Training models at lower costs while maintaining or improving performance is common. For instance, Hugging Face’s DistilBERT reduced Google’s BERT model size by 40% while retaining 97% of its performance on downstream tasks. Similarly, Google’s GLaM, with 1.2 trillion parameters – seven times more than GPT-3’s 175 billion – activates only about 97 billion parameters per token prediction. This design allowed GLaM to use just one-third of the energy required for GPT-3 and half the computational power during inference.

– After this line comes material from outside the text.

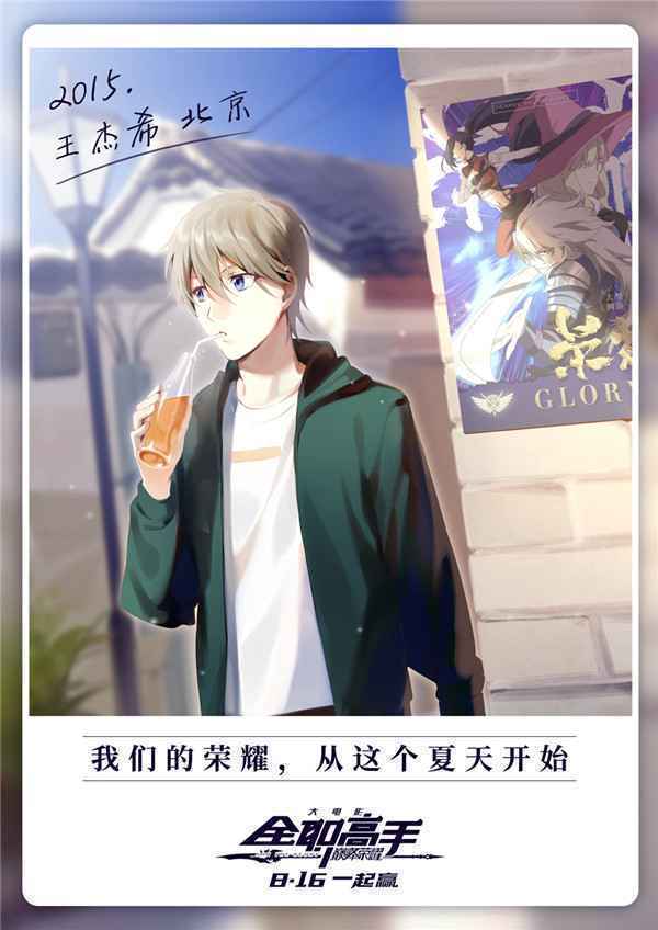 《全职高手》小说自诞生以来人气居高不下,原著中的各个角色皆形象鲜明,拥有大批粉丝,近日官方发布的“那一年”版海报中,韩文清自带气场,眼神里透露着坚定;张佳乐手握着一张荣耀赛事的传单,头顶蓝楹花瓣落下,画面美好安静;北京少年王杰希手握一瓶橘子汽水,胡同口的荣耀海报瞩目;位于广州的喻文州在地铁口出站,身后是赛事体育馆;出入青训营的黄少天一脸阳光,似是对所去之处充满期待;而周泽楷在上海的黄昏下,拖着下巴看着远方就自成一幅画。2015年时的叶修已经奔赴第一届职业联赛现场,2015年的高手们虽身处全国各地,但与“荣耀”的缘分早已开始,都在关注着这场赛事。

So why is DeepSeek-V3 generating so much buzz? In addition to its architectural innovations, perhaps most notably, it’s developed by a Chinese AI lab, which cannot access the most advanced GPU. “DeepSeek’s issue isn’t a lack of money; it’s the restrictions on high-end chips,” said Liang in an interview.

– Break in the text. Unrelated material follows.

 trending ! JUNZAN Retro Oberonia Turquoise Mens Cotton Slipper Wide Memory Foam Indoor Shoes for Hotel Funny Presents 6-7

The DeepSeek-V3 technical report explicitly said in the abstract that the model required just 2.788 million H800 GPU hours for full training.

The H800 GPU, a modified version of Nvidia’s flagship H100, is designed for the Chinese market due to U.S. export controls starting October 2022. H800 features reduced interconnect bandwidth (400 GBps vs. H100’s 900 GBps). Until October 2023, the H800 was the best GPU available to Chinese customers, though more recent export controls have limited access to even these, leaving Chinese companies with the less capable H20 models. According to the Financial Times, ByteDance and Tencent each ordered around 230,000 Nvidia chips, including the H20, last year.

Nvidia AI Chips: A100 A800 H100 H800 B200 | FiberMall — Credit to Fibermall

These export controls, citing national security concerns, aim to curb China’s access to advanced AI chips, potentially slowing its ability to develop and deploy cutting-edge AI models for military applications. However, most Chinese AI development remains focused on civilian and commercial uses, such as e-commerce and social media.

Faced with hardware restrictions, Chinese AI labs like DeepSeek are forced to innovate in algorithms, architectures, and training strategies. A researcher estimated that DeepSeek improved the usage efficiency of H800 by 60% in six months. For DeepSeek-V3, the value reached 196, as 37 billion parameters × 14.8 trillion tokens ÷ 2.788 million GPU hours. In comparison, DeepSeek-V2 had a value of 121, calculated as 21 billion parameters ÷ 0.1728 million GPU hours (per 1 trillion tokens). DeepSeek-V3’s Model FLOPs Utilization (MFU) is estimated at 39.0% for 4K context length pre-training.

DeepSeek-V3 is a great example of a principle shared by Alexandr Wang of Scale AI: “Improving on any one of the three pillars of AI (compute, data and algorithms) improves the technology as a whole.”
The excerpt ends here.